Preuves limitées : Si les résultats sont encourageants, le nombre d'études de haute qualité (randomisées, contrôlées, en double aveugle) reste insuffisant pour établir des recommandations fermes. Les preuves sont plus solides pour les techniques musculo-squelettiques que pour l'approche crânienne.
Risque de dilution : L'approche holistique, bien que pertinente, peut parfois conduire à une prise en charge trop diffuse, négligeant le foyer principal de la dysfonction.
6. Conclusion et perspectives
L'ostéopathie représente une option thérapeutique pertinente et prometteuse dans la prise en charge pluridisciplinaire des TTM, notamment pour ses composantes musculo-squelettiques et myofasciales. Son approche globale correspond bien au modèle biopsychosocial de ces troubles. Cependant, son intégration pleine et entière dans les parcours de soins standardisés nécessite de combler le déficit de preuves par des recherches futures plus robustes, standardisées et ciblées. Les études devraient chercher à identifier quelles techniques spécifiques sont efficaces pour quels sous-types de patients TTM. En attendant, elle devrait être considérée comme un complément aux thérapies de première intention fondées sur des preuves, et non comme un traitement de remplacement.
Références
Cuccia, A. M., et al. (2021). Osteopathic treatment in patients with temporomandibular disorders: A randomized controlled trial. Journal of Oral Rehabilitation.

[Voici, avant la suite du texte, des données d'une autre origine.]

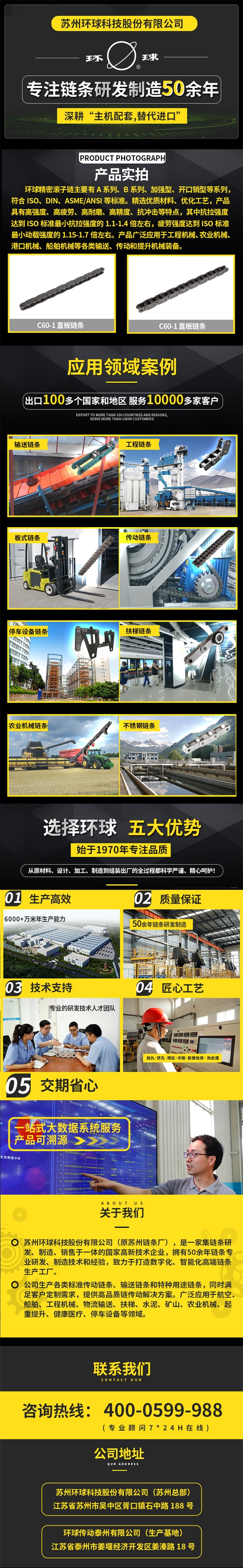 C60-1链条 C系列短节距精密滚子链 环球链条

Franco, P., et al. (2018). The role of manual therapy in the management of temporomandibular disorders: A systematic review. Journal of Pain Research.
McPartland, J. M., & Mein, E. A. (2017). Entrainment and the cranial rhythmic impulse. Alternative Therapies in Health and Medicine.
Licciardone, J. C. (2016). The epidemiology and management of osteopathic care for chronic low back pain. Osteopathic Medicine and Primary Care.
De-La-Hoz-Aizpurua, J. L., et al. (2019). Effectiveness of physical therapy in the treatment of temporomandibular disorders: A systematic review. Journal of Clinical Medicine.